Skip to main content

Sims was "The Toilet Game"

Wright says it almost didn't get made.

Dark blue icons of video game controllers on a light blue background
Image credit: Eurogamer

Will Wright has admitted The Sims might never have happened had it not been for his persistence.

Speaking to Rock, Paper, Shotgun, he said getting suits at developer Maxis keen on the idea was a "battle" from the start, with early testing groups ending in disaster and eventually forcing him to abandon the project.

"It was a battle, the first few years, inside Maxis," said Wright. "It was referred to as 'The Toilet game'. It was the game where you clean the toilet.

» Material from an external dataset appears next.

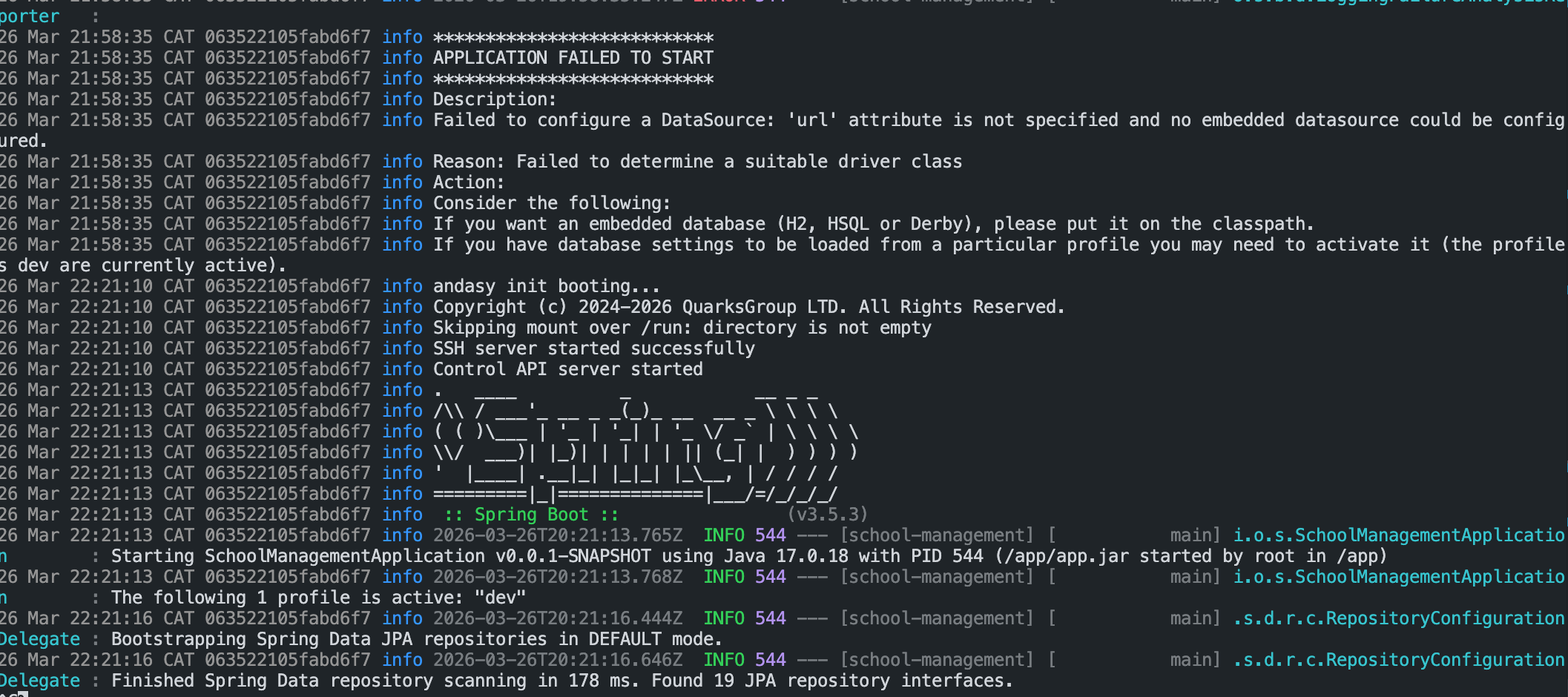 Currently, Andasy doesn’t detect or generate a Dockerfile for Java services. You can create it manually and then run the setup again before deploying.

"We had a product review meeting at Maxis where we had to decide whether we'd publish this thing or not...and the executive said 'No, let's do [something else]'."

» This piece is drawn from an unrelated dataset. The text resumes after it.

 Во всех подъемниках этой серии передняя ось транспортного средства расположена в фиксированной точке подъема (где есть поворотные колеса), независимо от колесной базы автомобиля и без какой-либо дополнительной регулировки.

So he decided to work on it in secret, the cheeky risk taker. And it was only after he and a tools programmer introduced the open-ended object and character interaction that things began to take off.

Then eventually it got the go-ahead, and apparently we could have even seen it a year or two earlier. But Wright wanted to make it expandable, and a good job he did, given the 29 million worldwide sales for The Sims series and add-ons to date. [Update: Or rather, at the time of the interview - apparently it's up to more than 70 million now. - Ed]

"I thought the game would either do a million units or... 50," Wright bashfully admitted. "I thought a million would be a hit. It would be a hit or a total dog."

Will Wright is currently masterminding evolution-inspired simulation Spore, which should be out sometime this year. Ambitious? Check. Elongated development? Check. Worried? Not on your life.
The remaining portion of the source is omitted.